By early August, Blass’s record with Charleston was two and nine, and 9.74. He had had enough. With Joe Brown’s permission, he left the Charlies and flew West to consult Dr. Bill Harrison, of Davis, California. Dr. Harrison is an optometrist who has helped develop a system of “optome-therapy,” designed to encourage athletes to concentrate on the immediate physical task at hand—hitting a ball, throwing a strike—by visualizing the act in advance; his firm was once retained by the Kansas City Royals baseball team, and his patients have included a number of professional golfers and football players. Blass spent four days with him, and then rejoined the Pirates, this time as a batting-practice pitcher. He says now that he was very interested in Dr. Harrison’s theories but that they just didn’t seem to help him much.
In truth, nothing helped. Blass knew that his case was desperate. He was almost alone now with his problem—a baseball castaway—and he had reached the point where he was willing to try practically anything. Under the guidance of pitching coach Don Osborn, he attempted some unusual experiments. He tried pitching from the outfield, with the sweeping motion of a fielder making a long peg. He tried pitching while kneeling on the mound. He tried pitching with his left foot tucked up behind his right knee until the last possible second of his delivery.

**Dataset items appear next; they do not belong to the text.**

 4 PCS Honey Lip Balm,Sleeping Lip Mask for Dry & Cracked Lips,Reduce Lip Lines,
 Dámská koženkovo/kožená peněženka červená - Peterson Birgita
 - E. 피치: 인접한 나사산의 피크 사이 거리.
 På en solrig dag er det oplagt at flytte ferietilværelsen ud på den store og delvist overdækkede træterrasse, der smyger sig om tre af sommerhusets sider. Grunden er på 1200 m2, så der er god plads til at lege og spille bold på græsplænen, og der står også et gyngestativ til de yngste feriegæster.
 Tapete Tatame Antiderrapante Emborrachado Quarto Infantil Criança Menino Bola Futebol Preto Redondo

Slow-motion films of his delivery were studied and compared with films taken during some of his best games of the past; much of his motion, it was noticed, seemed extraneous, but he had thrown exactly the same way at his peak. Blass went back and corrected minute details, to no avail.

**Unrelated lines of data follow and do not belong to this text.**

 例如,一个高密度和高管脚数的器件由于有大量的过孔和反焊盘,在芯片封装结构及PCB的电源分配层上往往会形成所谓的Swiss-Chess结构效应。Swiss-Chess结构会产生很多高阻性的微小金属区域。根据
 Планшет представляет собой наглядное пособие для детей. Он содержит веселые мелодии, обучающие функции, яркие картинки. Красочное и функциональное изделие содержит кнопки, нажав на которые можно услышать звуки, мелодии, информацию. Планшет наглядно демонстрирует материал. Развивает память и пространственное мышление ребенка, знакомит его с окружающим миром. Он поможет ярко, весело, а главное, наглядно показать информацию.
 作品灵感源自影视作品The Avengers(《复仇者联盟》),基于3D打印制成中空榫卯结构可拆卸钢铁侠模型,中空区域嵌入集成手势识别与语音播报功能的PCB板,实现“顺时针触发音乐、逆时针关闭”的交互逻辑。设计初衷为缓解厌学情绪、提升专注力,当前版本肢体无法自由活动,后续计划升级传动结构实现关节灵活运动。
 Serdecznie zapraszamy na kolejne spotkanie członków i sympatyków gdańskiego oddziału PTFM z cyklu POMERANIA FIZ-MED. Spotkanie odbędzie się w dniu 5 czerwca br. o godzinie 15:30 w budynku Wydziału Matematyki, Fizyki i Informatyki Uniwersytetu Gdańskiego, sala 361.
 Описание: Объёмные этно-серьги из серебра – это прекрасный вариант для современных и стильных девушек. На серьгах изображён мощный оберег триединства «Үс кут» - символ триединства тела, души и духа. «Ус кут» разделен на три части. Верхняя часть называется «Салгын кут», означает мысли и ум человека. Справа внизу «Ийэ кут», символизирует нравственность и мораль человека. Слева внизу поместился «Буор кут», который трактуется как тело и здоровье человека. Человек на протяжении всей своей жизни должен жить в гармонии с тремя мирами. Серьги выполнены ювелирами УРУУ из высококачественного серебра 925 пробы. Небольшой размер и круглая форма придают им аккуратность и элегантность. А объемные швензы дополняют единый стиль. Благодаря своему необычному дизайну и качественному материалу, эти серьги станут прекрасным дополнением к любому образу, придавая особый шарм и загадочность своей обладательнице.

The frustrating, bewildering part of it all was that while working alone with a catcher Blass continued to throw as well as he ever had; his fastball was alive, and his slider and curve shaved the corners of the plate. But the moment a batter stood in against him he became a different pitcher, especially when throwing a fastball—a pitcher apparently afraid of seriously injuring somebody. As a result, he was of very little use to the Pirates even in batting practice.
Don Osborn, a gentle man in his mid-sixties, says, “Steve’s problem was mental. He had mechanical difficulties, with some underlying mental cause. I don’t think anybody will ever understand his decline. We tried everything—I didn’t know anything else to do. I feel real bad about it. Steve had a lot of guts to stay out there as long as he did. You know, old men don’t dream much, but just the other night I had this dream that Steve Blass was all over his troubles and could pitch again. I said, ‘He’s ready, we can use him!’ Funny …”
It was probably at this time that Blass consulted a psychiatrist. He does not talk about it—in part out of a natural reticence but also because the Pirate front office, in an effort to protect his privacy, turned away inquiries into this area by Pittsburgh writers and persistently refused to comment on whether any such therapy was undertaken. It is clear, however, that Blass does not believe he gained any profound insights into possible unconscious causes of his difficulties. Earlier in the same summer, he also experimented briefly with transcendental meditation. He entered the program at the suggestion of Joe Brown, who also enrolled Dave Giusti, Willie Stargell, pitcher Bruce Kison, and himself in the group. Blass repeated mantras and meditated twice a day for about two months; he found that it relaxed him, but it did not seem to have much application to his pitching. Innumerable other remedies were proposed by friends and strangers. Like anyone in hard straits, he was deluged with unsolicited therapies, overnight cures, naturopathies, exorcisms, theologies, and amulets, many of which arrived by mail. Blass refuses to make jokes about these nostrums. “Anyone who takes the trouble to write a man who is suffering deserves to be thanked,” he told me.